Exercise instructions:
Your answer must be the line containing "A diverse group" and each following line to the end of the listing below, copied exactly, with pictures removed and nothing added.

Excerpted records:
----------

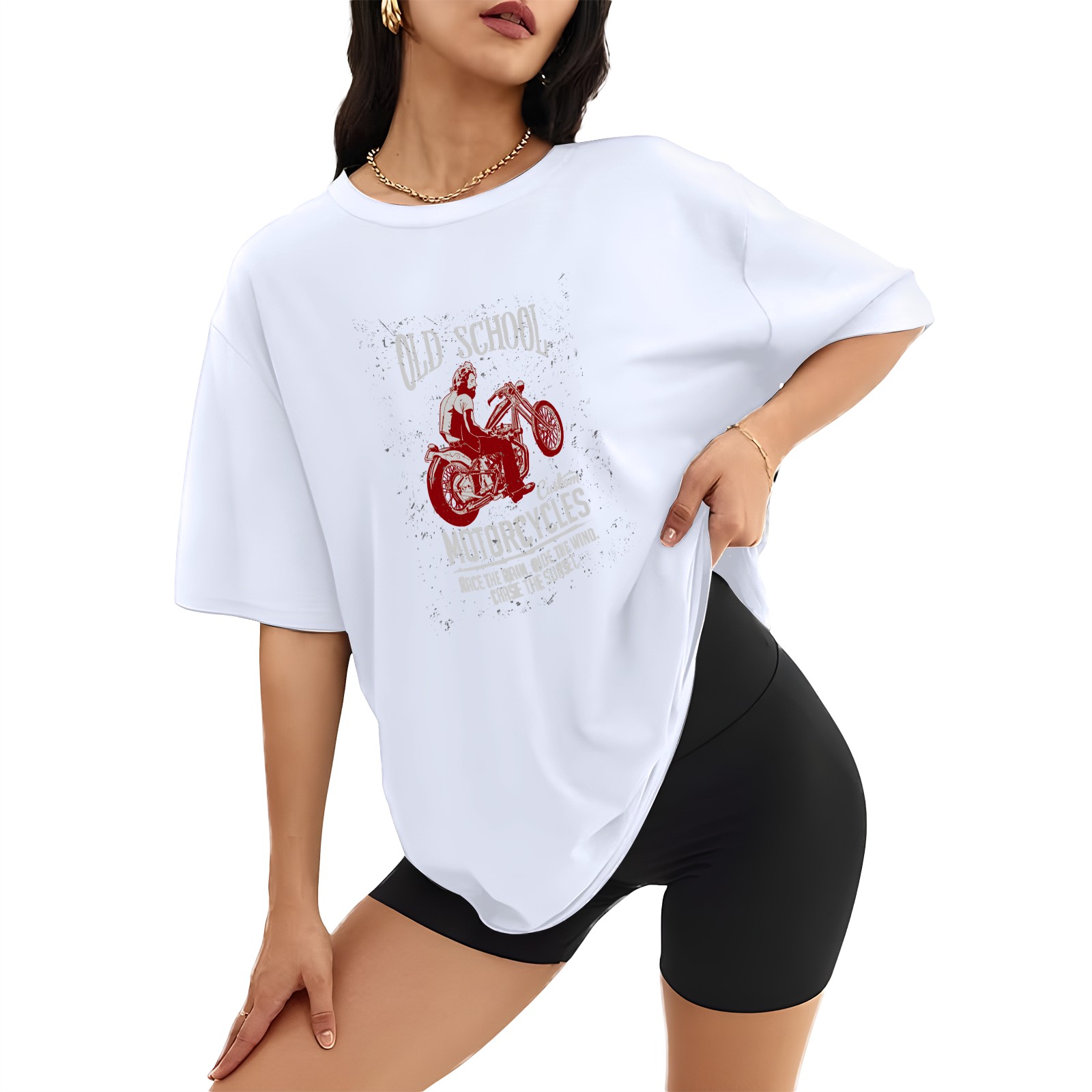 Vintage Motorcycle (14) T-Shirt Tops Short Sleeves Shirt Crew Neck Shirt XS
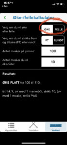 Her kan du få utregnet hvor mange masker du må strikke mellom hver økning eller felling slik at du får det jevnt. Du kan velge om du skal ha utregning for økning eller felling. Det feltet som er hvitt er det aktive feltet. I dette tilfellet har vi valgt å øke. Andre valget er om du strikker rundt eller flatt, frem og tilbake. Det feltet som er hvitt er det aktive feltet. Legg deretter inn antall masker du har på pinnen. Trykk mot tallet, i vårt eksempel 100 og talltastaturet åpner seg. Skriv inn korrekt antall masker. I feltet under legger du til hvor mange masker du skal ha etter økningen. Svaret får du umiddelbart. For å øke til 110 masker må du strikke 9 masker, øke med 1 maske 5 ganger. Deretter skal du strikke 10 masker, øke med 1 maske én gang, og strikke 9 masker og øke 1 maske 5 ganger til.
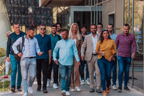 A diverse group of businessmen and colleagues walking together by their workplace, showcasing collaboration and teamwork in the company.
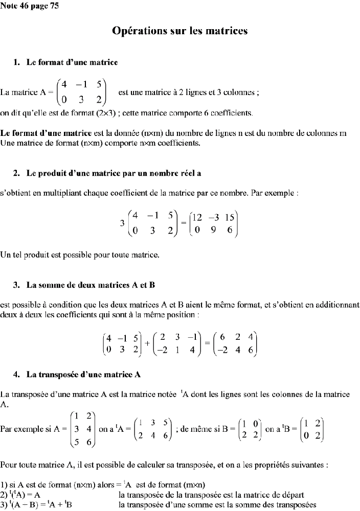 note 46 page 75 : opérations sur les matrices note 47 page 76 : produit de matrices sur tableur note 49 page 78 : compléments sur les déterminants
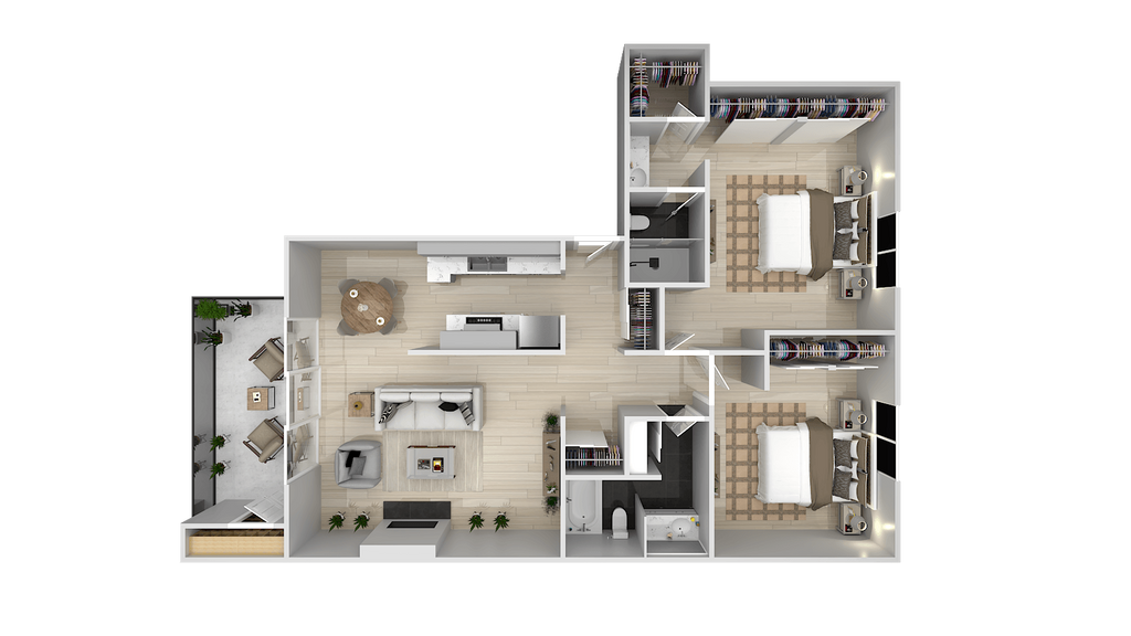 Modelo de apartamento: Two Bedroom Two BathsDesde $3,6752 Dormitorios, 2 Baños, 1120 sq ftDisponible Ahora![]()

----------

Exercise response:
 A diverse group of businessmen and colleagues walking together by their workplace, showcasing collaboration and teamwork in the company.
 note 46 page 75 : opérations sur les matrices note 47 page 76 : produit de matrices sur tableur note 49 page 78 : compléments sur les déterminants
 Modelo de apartamento: Two Bedroom Two BathsDesde $3,6752 Dormitorios, 2 Baños, 1120 sq ftDisponible Ahora![]()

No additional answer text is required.